Я утвердительно кивнул головой, и Салават включил музыкальный центр. Послышался отдалённый голос господина Вандевельде, по сотофону он просил домашних начинать ужинать без него.
И шёпот:
— Сыграем Бетховена «К Элизе»… Продуй флейту.
— Может, как-нибудь в другой раз… У меня губа распухшая.
— С девчонками целуйся. Да если бы ты не сознался и не настоял, что сигарета не учительницы, — с тебя снял бы штаны.
Начало фортепьяно, зазвучала флейта, и Салават прервал запись.
— Отец на фортепьяно играет, на бубне с восьмой цифры вступит, — пояснил смущённый Салават. Он, понял я, не предполагал того, что его диалог с отцом настолько громок и мной будет услышан. Вздохнул:
— Не хотелось бы, чтобы в школе это было неожиданностью.

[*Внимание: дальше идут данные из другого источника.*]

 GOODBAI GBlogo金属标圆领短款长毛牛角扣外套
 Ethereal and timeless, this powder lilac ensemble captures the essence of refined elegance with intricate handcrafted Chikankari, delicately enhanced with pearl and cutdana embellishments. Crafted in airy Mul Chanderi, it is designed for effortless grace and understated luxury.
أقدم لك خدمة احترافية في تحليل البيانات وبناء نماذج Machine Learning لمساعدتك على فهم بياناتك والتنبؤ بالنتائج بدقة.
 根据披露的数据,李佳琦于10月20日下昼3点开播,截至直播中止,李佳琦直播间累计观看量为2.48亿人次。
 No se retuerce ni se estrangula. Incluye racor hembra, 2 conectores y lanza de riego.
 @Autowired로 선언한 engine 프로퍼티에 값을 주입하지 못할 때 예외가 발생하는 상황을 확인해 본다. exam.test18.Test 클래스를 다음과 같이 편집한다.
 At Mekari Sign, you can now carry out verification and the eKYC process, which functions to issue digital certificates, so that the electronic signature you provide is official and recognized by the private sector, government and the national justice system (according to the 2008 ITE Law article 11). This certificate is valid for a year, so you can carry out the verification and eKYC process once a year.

Батый с флейтой на сцене, не переставал дивиться я. Поди, и ноты знает: «…с восьмой цифры вступит». Такого мне и не приснилось бы. Даже в «по ту».
— Слушай, может, ты и степ танцуешь? — спросил я его, с готовностью не удивиться утвердительному ответу.
— Нет, степ не танцую, — со вздохом и, как мне показалось, сокрушённо ответил Салават. Помедлив, тихо продолжил: — Стихи сочиняю. От нечего делать.
— Стихи пишешь!! — чем мог, тем и отреагировал я на это очередное признание классного авторитета.
— Хочешь, прочту?
— Гони.
Моему удивлению не было предела. Хотелось бы мне сейчас увидеть реакцию пацанов, которым вдруг всё такое про Батыя рассказали.
Получив моё согласие слушать стихи, Салават замялся, но все же поднялся с коврика, подошёл к старинному красного дерева шкафу и вытащил… хомут.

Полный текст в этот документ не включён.